The final appropriation bill (technically the explanatory statement accompanying the bill) only included a requirement that OSTP produce a financial analysis of the impact of the memo, “including the policy’s anticipated impact on Federal research investments, research integrity, and the peer review process,” within 100 days of the bill passing. In other positive news, this was the only requirement. There is no trigger stopping development of policy depending on what the report says. This likely means that after the report, there would be a round of Congressional hearings before more action is taken. Being an election year, there may not be enough time for a truly adverse legislative action. Overall, this means plans will progress, and there should be some good reading on the state of scholarly publishing sometime in mid-June!

OA Policy Changes at the Bill & Melinda Gates Foundation

The Bill & Melinda Gates Foundation has recently announced a “refreshed” Open Access Policy, to start in 2025. There is a lot to unpack.
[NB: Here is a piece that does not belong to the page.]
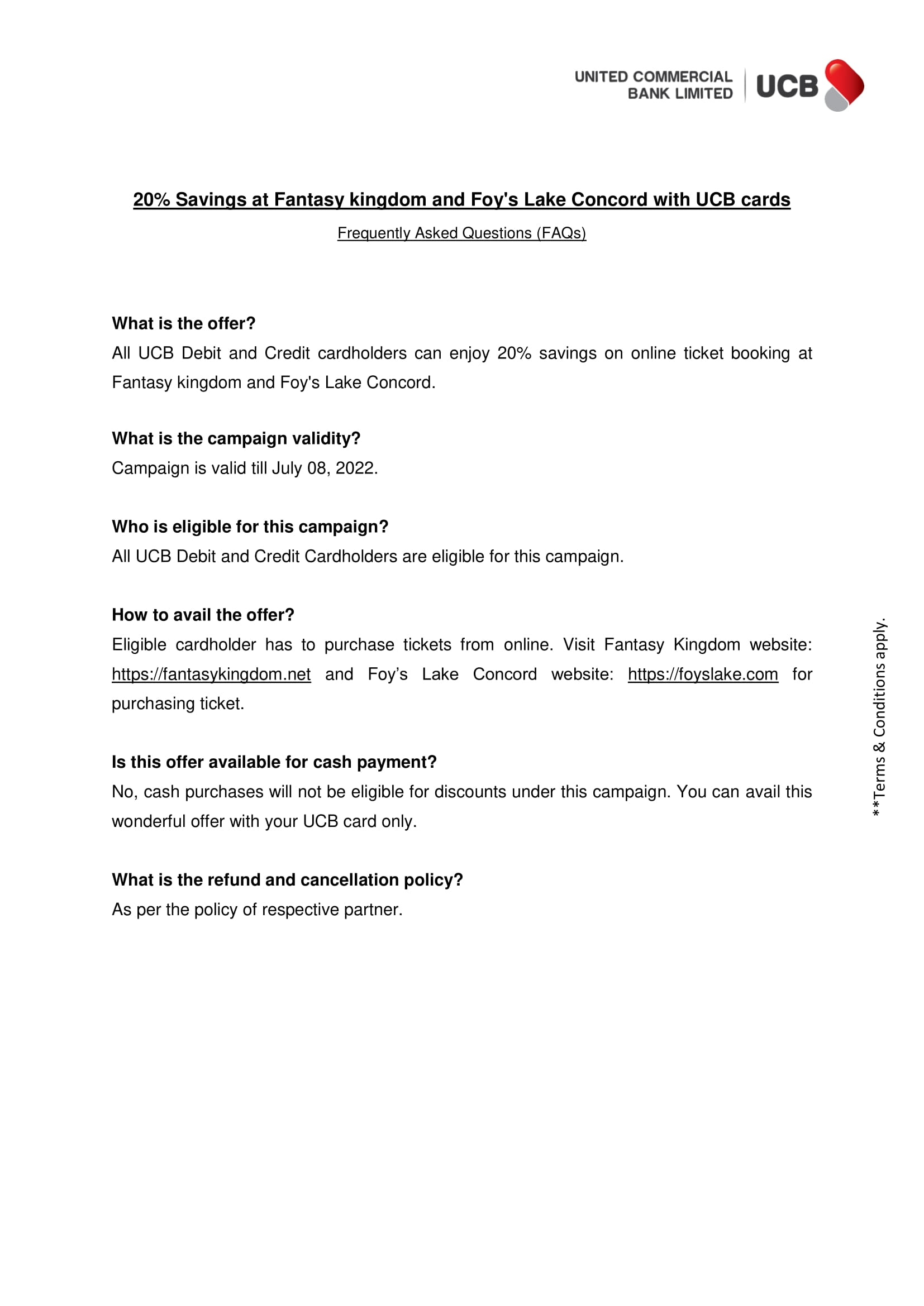 FAQ: 20% Savings at Fantasy kingdom and Foy's Lake Concord with UCB Cards

The headline change for publishers is that the Foundation will no longer pay Article Processing Charges (APCs) for its funded researchers to publish Open Access. However, they have not stepped back from their support of Open Access. Rather than paying for post-publication OA, they are requiring posting all manuscripts on a preprint server. Not just any preprint server – one approved by the Foundation, with “a sufficient level of scrutiny to submissions.” The works must be licensed as CC-BY 4.0, or something similar. Interestingly, authors also must assign the license to an Author Accepted Manuscript of the article if it is published later. Any data that is used in the manuscript must also be made immediately available.

VeriXiv logo

The Foundation is working with F1000, a subsidiary of Taylor & Francis, to create a preprint platform named VeriXiv. The platform will do a series of “ethics and integrity checks,” looking for things like plagiarism and image manipulation, as well as author-related conflicts. One thing that it is not doing is peer review. An author can still publish the article in a journal as well, as long as that journal respected the OA requirements of the Foundation, and the author would have to pay any APC themselves.

The question is how will this affect the publishing ecosystem? The Foundation awards more than five billion dollars in grants per year, which is enough to create real change. On the one hand, authors could decide that traditional publishing is not worth the time and cost, which the Foundation’s policy strongly suggests, and just move to preprints. On the other hand, authors may still have other institutional incentives tied to publishing output and prestige. Will this just shift the cost of traditional publishing to authors, and indirectly to libraries and universities that support them? It might work out that this is a lever to reduce prestige-based incentives at institutions, or it might work out that authors with fewer resources fall a little further behind.

This may also just be a business fight between funders and publishers, with researchers caught in the middle. Publishing is a bundle of services, including ethics and plagiarism checks, peer review, distribution and preservation. Commercial publishers charge a lot for that bundle. Starting with posting a preprint and then layering on other services could be cheaper, especially if one thinks different research outputs need differing levels of service. This opens the door to new business models, like stand-alone peer review services, as contemplated by the Publish-Review-Curate model of publishing. We will see who steps in to fill those needs.